According to the principle of maximum membership degree, the highest value in the evaluation results is 0.922, which is in extreme risk. The results are in good agreement with the actual situation in this paper.

5. Conclusions

This study discusses the causes of the derailment accident of the D2809 train in Guizhou on 4 June 2022 and some suggestions are put forward to prevent train derailments caused by debris flow. The main conclusions are as follows:

(1) The train accident was mainly due to the local continuous rain and short-term heavy rain. During the high-speed operation, the train hit a sudden landslide that invaded the line, resulting in the derailment of the No. 7 and No. 8 train.

(2) The railway department immediately launched an emergency plan after the accident. The injured were sent to Rongjiang County hospital for all-out treatment, given priority to live. People used the golden time of rescue, responsible for the safety of the victims, and reduced the number of casualties to the minimum.
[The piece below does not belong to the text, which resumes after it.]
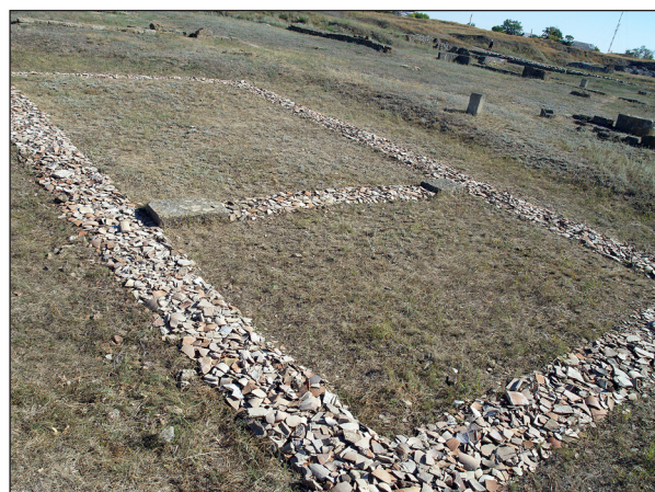
Рис. 9. Консерваційний засип керамікою фундаментних траншей храму Аполлона Лікаря на Західному теменосі. Фото А. В. Буйських

історія археологічних досліджень; основні публікації архітектурно-будівельних залишків та їх загальні плани; висновок про те, які споруди або їх частини були вибрані як найбільш пріоритетних для експонування; інформація про попередні реабілітаційні заходи; натурні обміри автентичних будівельних залишків; рекомендації щодо подальшої музеєфікації об'єкта експонування. Вулиці, деталі благоустрою (кам'яні вимостки, водогони відкритого та закритого типів, цистерни, колодязі) та основні споруди — культові будівлі (вівтарі та храми, міські святилища), житлові будинки, стіни і башти захисних споруд тощо. Кожен об'єкт і його складові (будинки, окремі приміщення, підвали, кам'яні мури, сходи, дверні отвори, перекриття) фотографуються з однієї або кількох позицій, описуються, наводяться їх натур-

(3) The reduction of soil shear strength is the main reason for debris flow. In addition, flood control and landslide prevention are complicated during the rainy season in the mountainous areas in the south and southwest China. In order to prevent train accidents caused by debris flow, we must ensure strict investigation and site selection firstly. It is also essential to install protective retaining walls on high mountain slopes, establish a timely and effective debris flow early warning mechanism and reinforce the soil beside the tunnel entrance.

(4) This paper puts forward a risk prediction model of train debris flow derailment based on the fuzzy comprehensive evaluation method, and the debris flow valley near the incident site is selected for model verification. The results are in good agreement with the actual situation.